As demonstrated in Table 4, the assessment metrics shows that the Soil and Water Assessment Tool system’s capability to simulate monthly streamflow at the Panzhihua hydrological station is considered acceptable according to the established criteria. The ENS value attained was 0.7152, the R² value was 0.8012, the MSE value was 0.2145, the VI value is about 69%, and PI is about 0.71.

Table 4 Results of the SWAT model’s ability.

The runoff prediction by optimized SWAT model

According to finding in Sect. 3.2 the optimized SWAT model based on DBN/MSSO method the runoff forecasting by this model.

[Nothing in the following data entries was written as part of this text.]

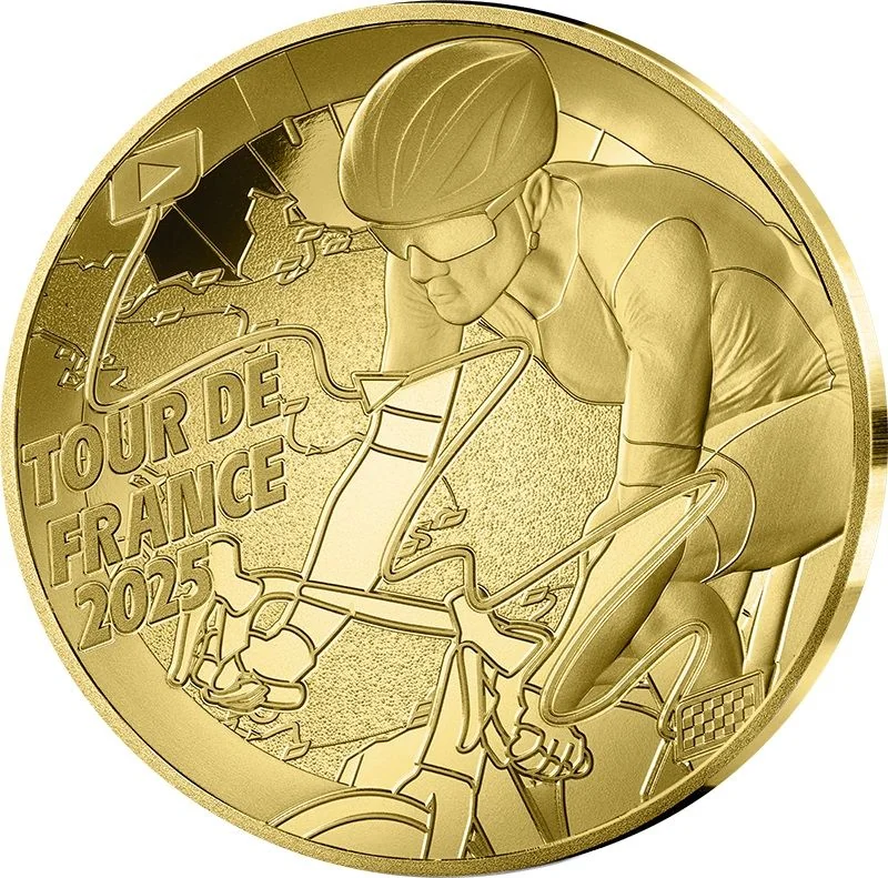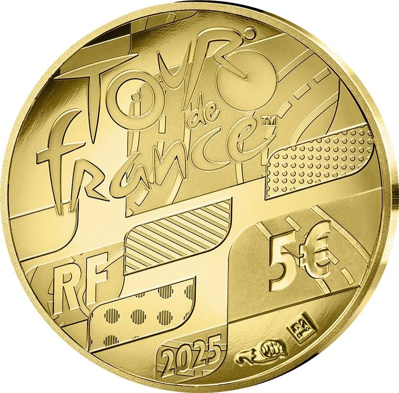 Les quatre maillots et le logo du Tour, le RF, la valeur et le millésime sur fond de route, avec les poinçons en bas.
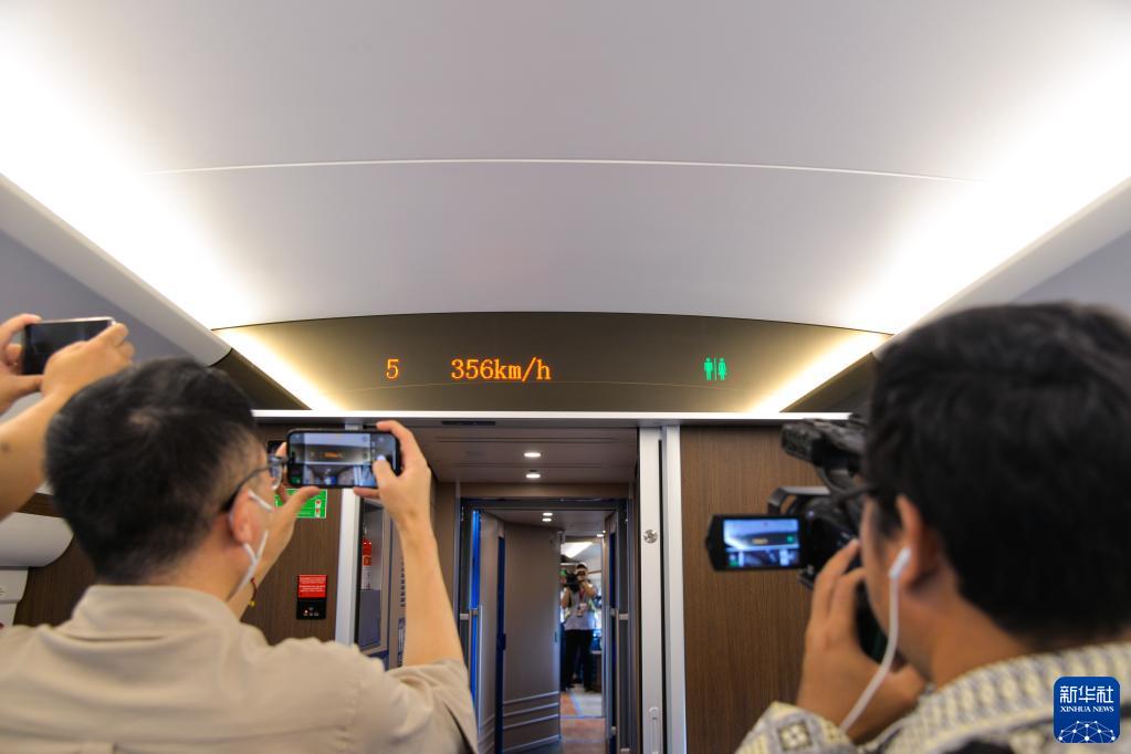 6月22日,在印度尼西亞雅萬(wàn)高鐵正在進(jìn)行聯(lián)調聯(lián)試的綜合檢測列車(chē)上,記者們拍攝顯示列車(chē)時(shí)速超過(guò)350公里的電子屏。
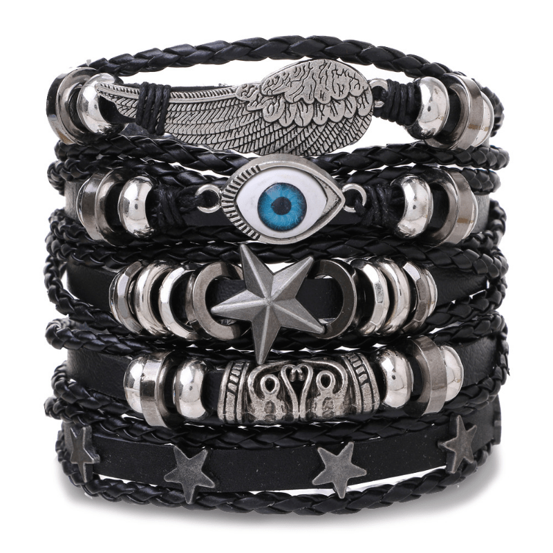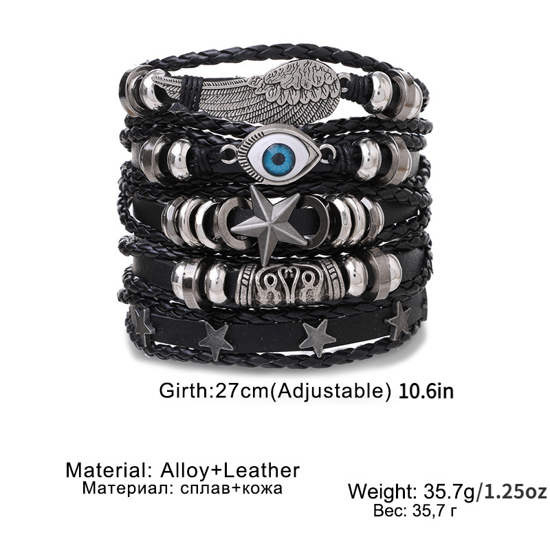 Enhance your style with this 5-piece set of men's layer leather bracelets. These bracelets are adjustable and crafted from high-quality leather to add a touch of elegance to your look.
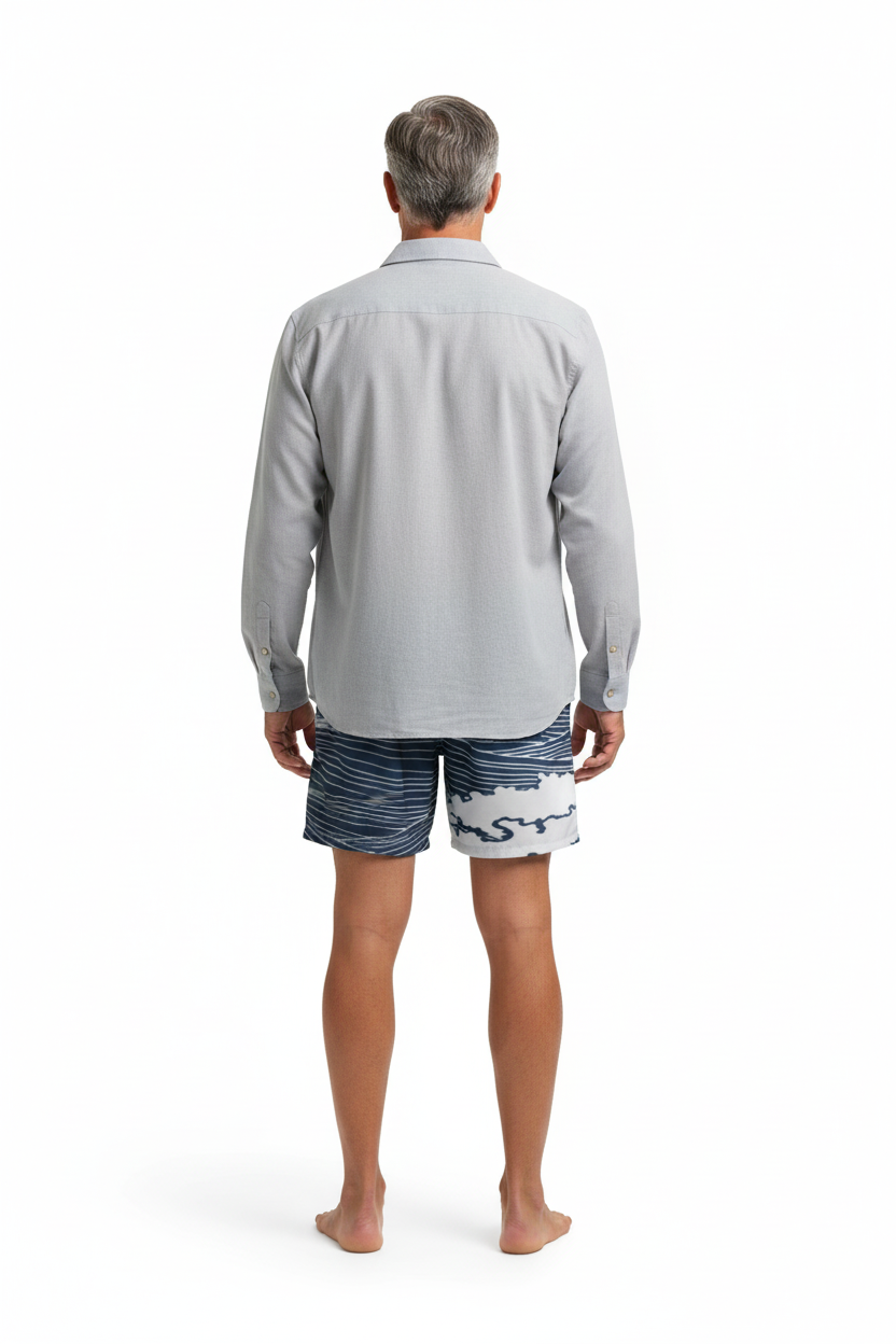 Whether you're catching waves, lounging poolside, or pairing with your favorite button-up for a beach-to-bar look, these versatile swim trunks deliver comfort and coastal sophistication. The artistic wave contour pattern makes a statement while the premium recycled construction supports a more sustainable future.
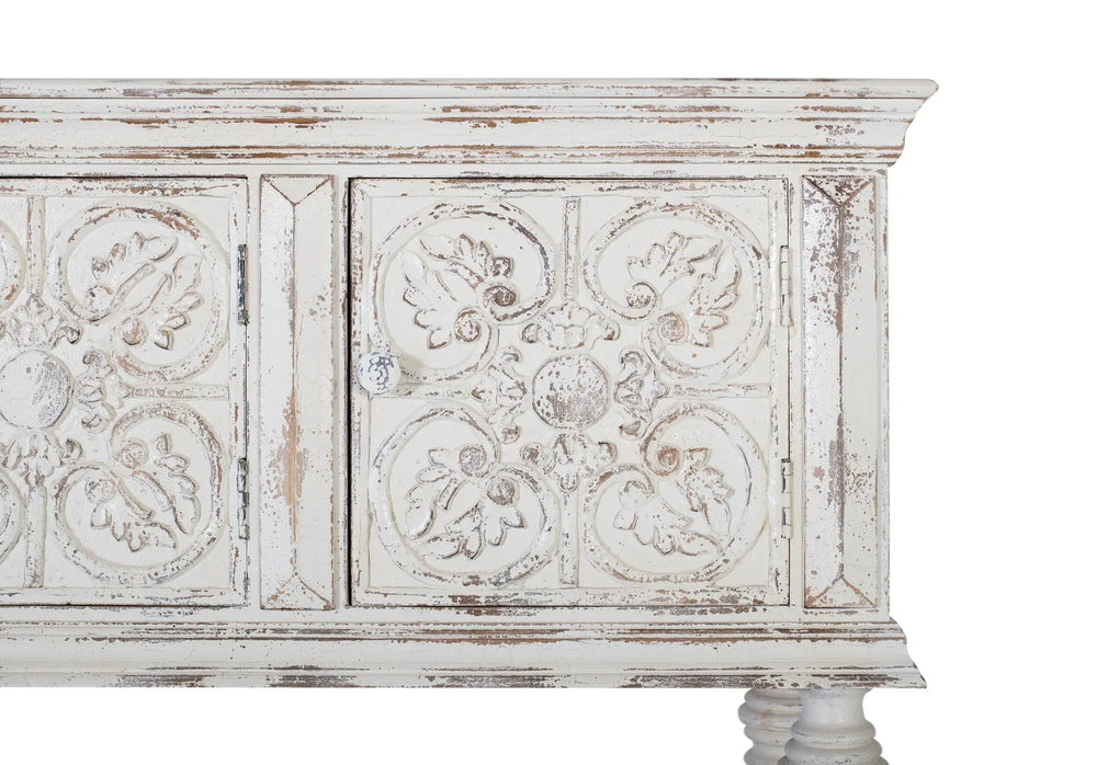 Giner and Colomer - Mango Wood Console With 3 Hand-Carved Doors & Turned Legs

The Fig. 8 shows the annual runoff forecasting for 2023 to 2100.

Fig. 8

Annual runoff forecasting.

Based on the research results, it is projected that there will be a significant decrease in the amount of runoff in the following years. The drop in runoff may be principally ascribed to two critical factors: a discernible decline in precipitation and a concomitant rise in temperature. These circumstances signify an imminent water shortage, harming multiple sectors, including providing potable water and agricultural endeavors. Hence, using the data acquired from these circumstances to provide a holistic approach to water resource management is crucial. The anticipated alterations in precipitation and temperature patterns will directly impact the total runoff within the area. Due to reduced levels of precipitation and elevated temperatures, a substantial quantity of water has the potential to undergo evaporation, resulting in a decline in the amount of runoff. As a result, the anticipated decrease in runoff quantities indicates a diminished supply of water entering rivers, lakes, or reservoirs. The current circumstances need the adoption of comprehensive policies for managing water resources to tackle the impending issue of water shortage successfully. Efforts should be directed towards developing strategies to exploit existing water resources efficiently, emphasizing meeting drinking water needs and supporting agricultural endeavors. This may include implementing water conservation strategies, using modern water-saving technology, and investigating alternate water sources, such as groundwater or recycled water.

Conclusion

This research shows that climate change has a profound effect on hydrological processes, especially in relation to runoff. This study used the CMIP6 model to predict climate variables affecting runoff in different social and economic directions. In addition, a deep belief network (DBN) and a modified sparrow search optimizer (MSSO) were used to enhance the runoff prediction capabilities of the SWAT model. DBN is adept at recognizing complex data patterns, thereby improving the accuracy of runoff forecasting. The results show that the PSL-CM6A-LR model acts as an effective tool for predicting climate variables. The findings project temperature increases under different scenarios, with mean annual temperatures projected to increase between 0.243% and 0.319% per decade, ultimately reaching an estimated range of 1.94℃ to 2.55℃ by 2100. These temperature changes are expected to have significant consequences for the hydrological dynamics and water resources of the basin, emphasizing the critical need for adaptation and mitigation strategies in response to climate change in the region. In addition, the research shows a projected decrease in annual precipitation in the study area, with simulations showing a decrease of 26.02 mm to 48.42 mm per decade by 2100 compared to the reference period. The performance evaluation of the SWAT model shows a satisfactory simulation of the monthly flow, which shows the optimal model with an ENS score of 0.7152 and a coefficient of determination R² of 0.8012. The study also predicts a significant decrease in runoff as a result of the projected decrease in precipitation and increase in temperature, highlighting the urgent need for comprehensive water resources management policies.